Posted Mar 22 2013 2:00am



I asked Claire from Gypsy Slow Down if she would write up a post about how her eating affected her life and I am so glad I did. I am very passionate about eating well and in my own life have noticed so many improvements when I am eating clean. 
I don't know a lot about the science behind it but I know my depression and anxiety are directly related to what I eat so when I found Claire and read her story I felt very compelled to have her share her story here. 

I find this fascinating.

Thank you so much Claire for sharing your story today! 
Hi! I'm Claire and I blog over at  GypsySlowDown.blogspot.com . I am so excited to guest post on Hanna's blog today.

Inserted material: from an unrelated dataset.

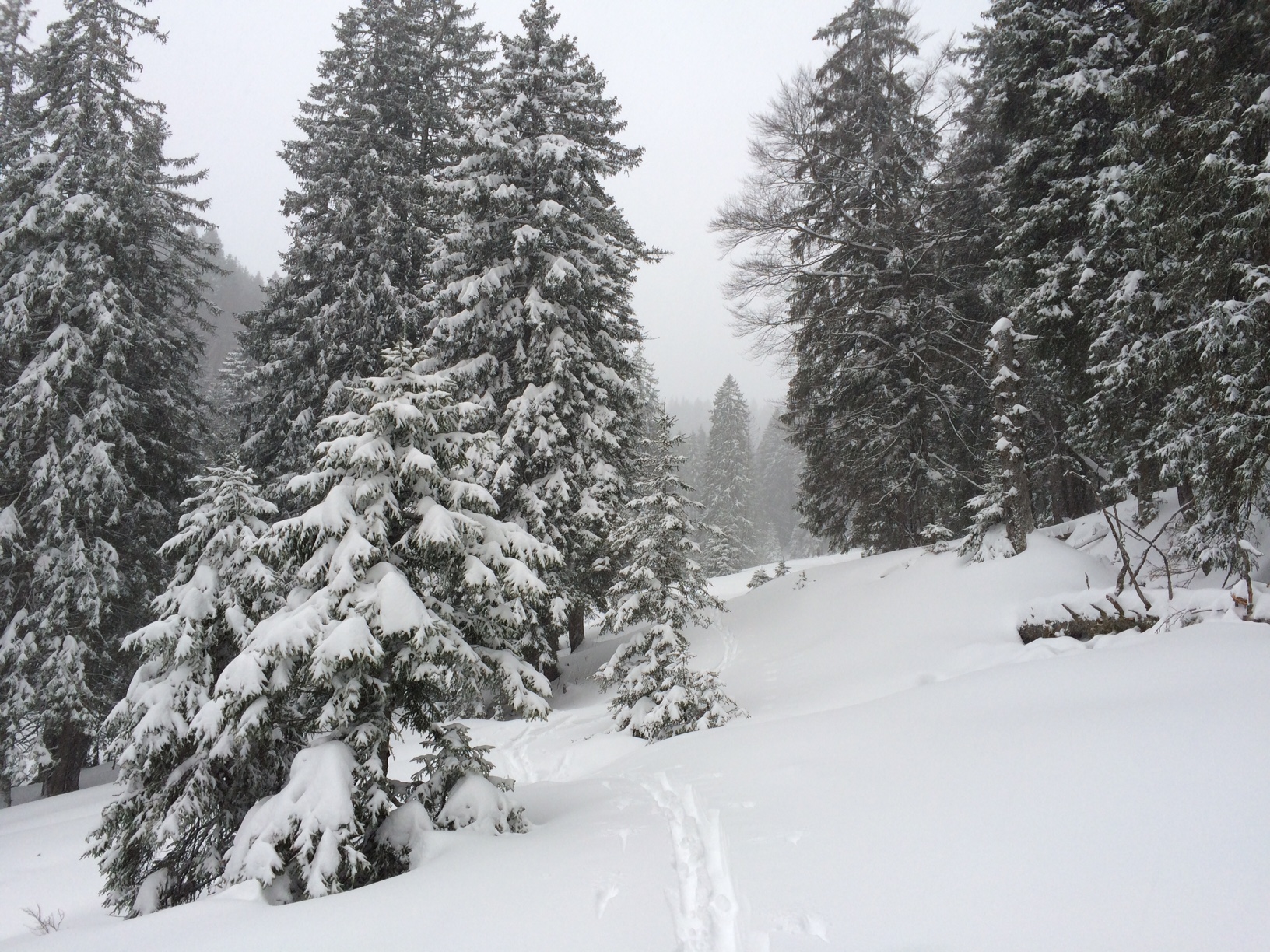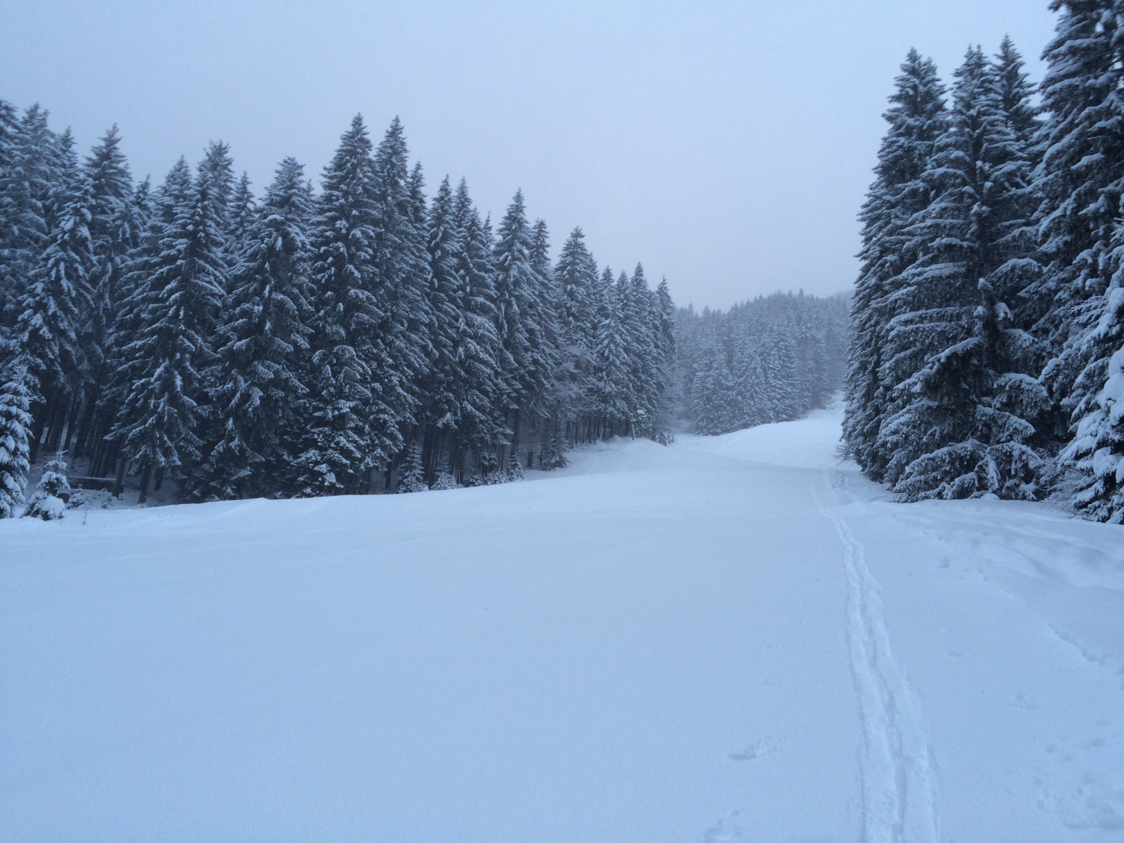 Prognose: Während der Tour hatte es kontinuierlich leicht geschneit. Wenn die Temperaturen heute nicht zu sehr ansteigen und heute Nacht noch etwas Schnee dazukokmmt, könnte es morgen noch einmal sehr gut werden. Vor allem für die, die früh dran sind.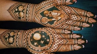 इसलिए अगर आप थीम-बेस्ड मेहंदी चाहती हैं, तो इसमें चांद, सितारे और छलनी के डिज़ाइन शामिल कर सकती हैं।

I feel so passionate about this subject because I really believe it saved my life.  Growing up I was depressed. It was more than pre-teen blues, I would have extreme highs and lows, and my lows were pretty bad. Crying, staying holed up in my room, screaming at my parents. I also had horrible leg aches, anxiety and I would wake up at night so delirious that my dad would have to run my hands under cold water to wake me up. My parents weren't sure what was wrong with me but they wanted to find out the cause and not put me on medication or have me take intensive blood tests right away. So they began researching. What they found was hypoglycemia.  Chronic hypoglycemia is chronic low blood sugar, which means that there isn't enough glucose in the blood. If I eat foods that are high in sugar my blood sugar will spike and then crash because my body can't stabilize my blood sugar. When there isn't enough glucose in the blood it also effects chemicals in the brain which contribute to mood and emotions as well as physical symptoms. I know that was just a major skimming over but I'm not a doctor and so I just want to share the little bit I know about the scientific side. And now the interesting part; the common symptoms. The common symptoms of hypoglycemia are:  Depression, anxiety, social anxiety, trouble making decisions, leg aches, weight gain, trouble concentrating, negative thoughts, fatigue, insomnia, nausea, fainting, head aches, irritability, really bad PMS, panic attacks, nightmares, back aches, crying and so on. I had many of these symptoms. It seems that food allergies are becoming more and more talked about these days. I'm sure we all have at least one friend who is gluten-free or lactose intolerant or has another food allergy. But hypoglycemia is not talked about very much and if it is people confuse it with a symptom of diabetes. But chronic hypoglycemia is different and it causes many problems that are often mistaken for other conditions. So many people are on medications for depression, anxiety, ADHD and so on. For some of these people simply changing the way that they eat could make a huge difference. Obviously many people truly suffer from these conditions but I know that if I wasn't aware of my hypoglycemia I would be on medications for those symptoms. And the medications wouldn't help me. That's really scary to me!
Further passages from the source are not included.